Copy each line below exactly and leave the pictures out.

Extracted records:
════════
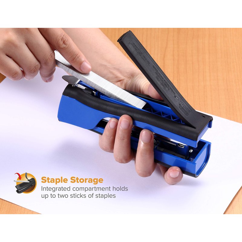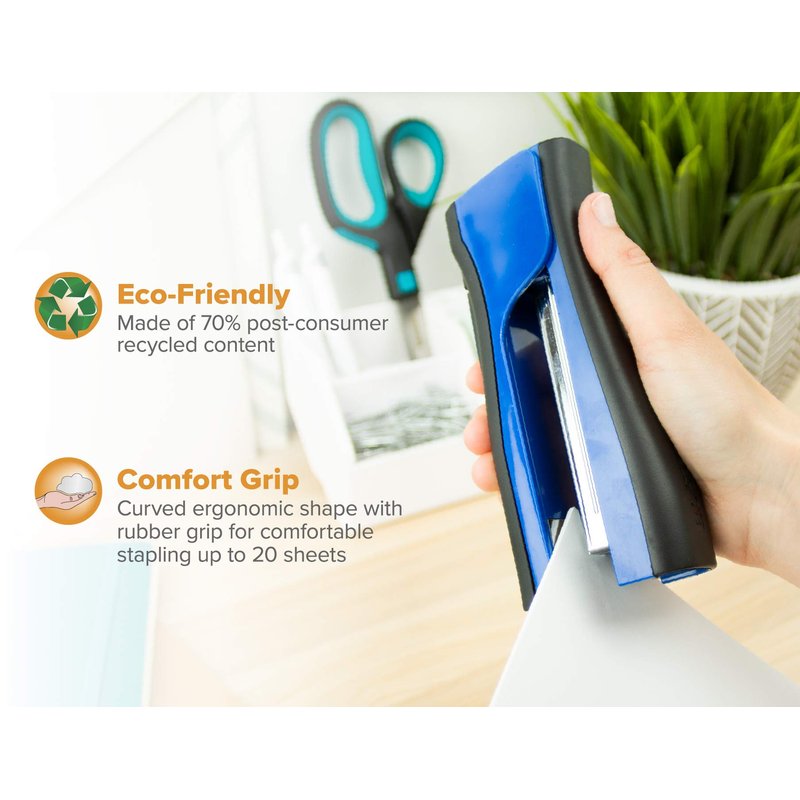 Bostitch Office Dynamo 4 in 1 Standup Stapler, Includes 420 Staples, 20 Sheet Capacity, Integrated Pencil Sharpener, Staple Remover & Staple Storage, Blue
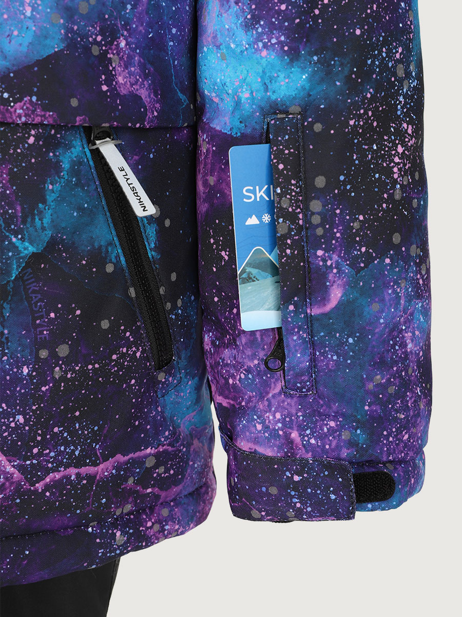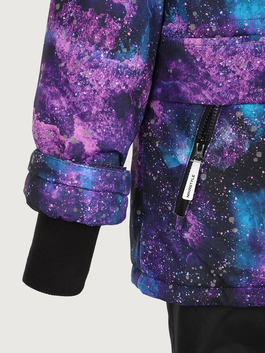 Костюм ВСЕЛЕННАЯ из мембранной ткани 5000/5000 с водо-грязеотталкивающей технологией TEFLON. Мембранная ткань это не продуваемый и водонепроницаемый материал, который надежно защищает от ветра и влаги. Благодаря дышащим свойствам мембраны ребенку будет комфортно в любую погоду, и он не вспотеет. Дополнительно на ткань нанесен светоотражающий принт. Ткань обработана снаружи экологически чистым протектором TEFLON для защиты от воды и грязи.
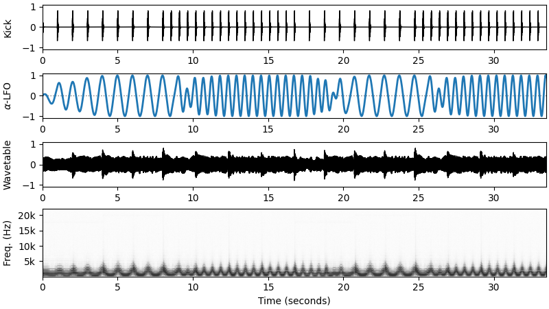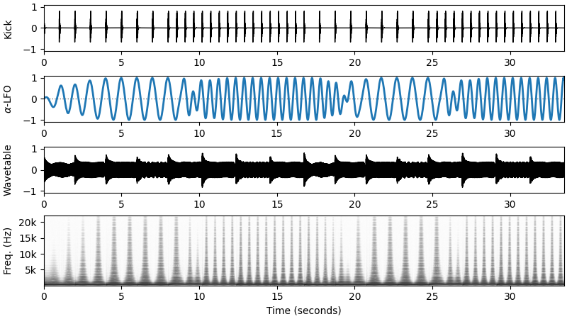 The position of a wavetable synthesizer is again a perfect candidate for modulation with control signals, like the alpha-LFO. For the following audio examples, we map alpha-LFO values of -1 to the 0% position of the wavetable and alpha-LFO values of 1 to the 100% position of the wavetable.
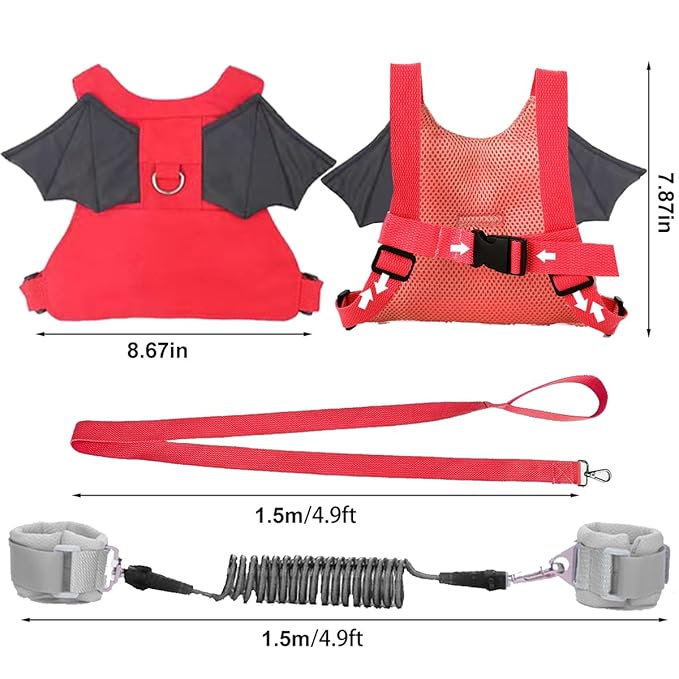 - Toddler Harness With Leash: Harness with cute wings design, enough to attract your kids attention, your baby will love to wear it. The straps and buckles are freely adjustable to fit most children. The 360 rotary connector allows toddlers to walk and even run freely,and with the same color webbing wrist rope. That’s Excellent Baby Keeper And Parents’ Helper
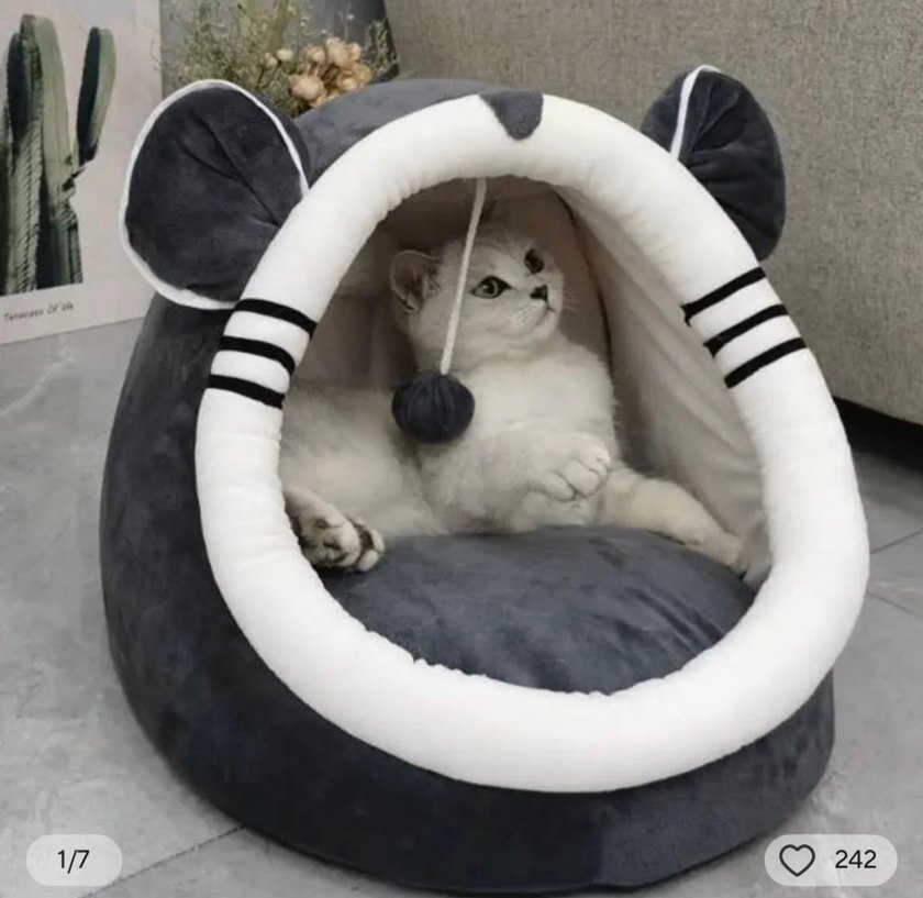 Yumuşak ve rahat gri kedi yuvası, içinde asılı top oyuncak ile oyun alanı sağlar. Kediler için konforlu dinlenme noktasıdır. İthal ,sıfır,büyük boy (XL)kedi,küçük köpek yatağı
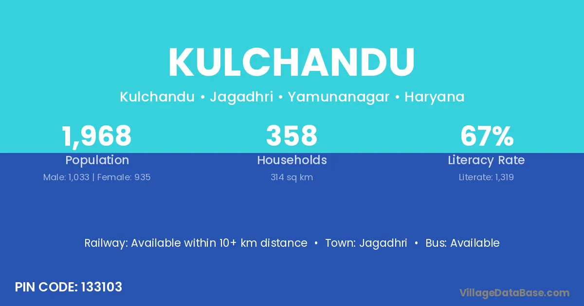 Jagadhri is the nearest town to Kulchandu village for major economic activities
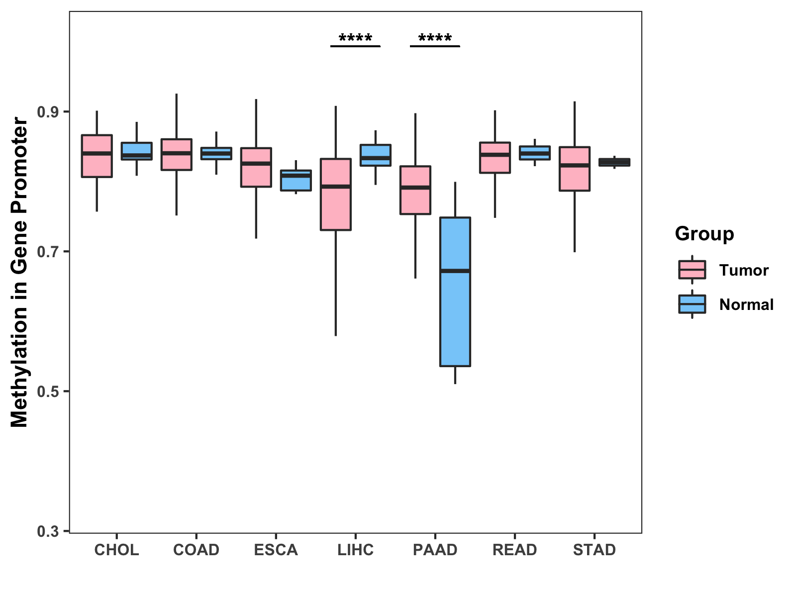 Boxplot of All Gastrointestinal Cancer ( * : 0.01-0.05 , ** : 0.005-0.01 , *** : 0.0001-0.005 , **** : < 0.0001 ) |
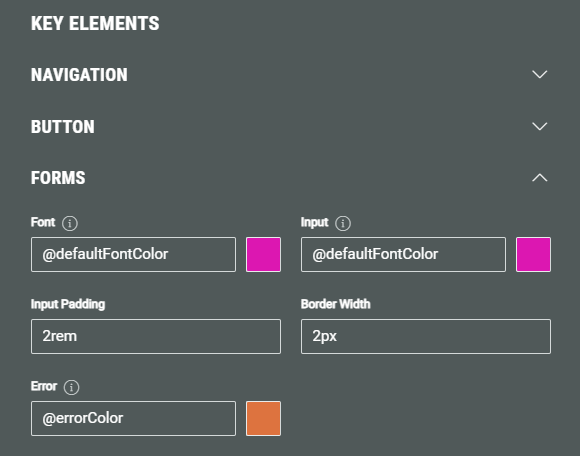 - Error — By default inherited from the theme's main settings. You can customize the font color used for error messages through the visual color picker or by entering a manual value in one of the following formats: #hex, rgb(), rgba(), browser constant, @variable, (formula).(note 1)
════════
**Result for this exercise**.
 Bostitch Office Dynamo 4 in 1 Standup Stapler, Includes 420 Staples, 20 Sheet Capacity, Integrated Pencil Sharpener, Staple Remover & Staple Storage, Blue
 Костюм ВСЕЛЕННАЯ из мембранной ткани 5000/5000 с водо-грязеотталкивающей технологией TEFLON. Мембранная ткань это не продуваемый и водонепроницаемый материал, который надежно защищает от ветра и влаги. Благодаря дышащим свойствам мембраны ребенку будет комфортно в любую погоду, и он не вспотеет. Дополнительно на ткань нанесен светоотражающий принт. Ткань обработана снаружи экологически чистым протектором TEFLON для защиты от воды и грязи.
 The position of a wavetable synthesizer is again a perfect candidate for modulation with control signals, like the alpha-LFO. For the following audio examples, we map alpha-LFO values of -1 to the 0% position of the wavetable and alpha-LFO values of 1 to the 100% position of the wavetable.
 - Toddler Harness With Leash: Harness with cute wings design, enough to attract your kids attention, your baby will love to wear it. The straps and buckles are freely adjustable to fit most children. The 360 rotary connector allows toddlers to walk and even run freely,and with the same color webbing wrist rope. That’s Excellent Baby Keeper And Parents’ Helper
 Yumuşak ve rahat gri kedi yuvası, içinde asılı top oyuncak ile oyun alanı sağlar. Kediler için konforlu dinlenme noktasıdır. İthal ,sıfır,büyük boy (XL)kedi,küçük köpek yatağı
 Jagadhri is the nearest town to Kulchandu village for major economic activities
 Boxplot of All Gastrointestinal Cancer ( * : 0.01-0.05 , ** : 0.005-0.01 , *** : 0.0001-0.005 , **** : < 0.0001 ) |
 - Error — By default inherited from the theme's main settings. You can customize the font color used for error messages through the visual color picker or by entering a manual value in one of the following formats: #hex, rgb(), rgba(), browser constant, @variable, (formula).(note 1)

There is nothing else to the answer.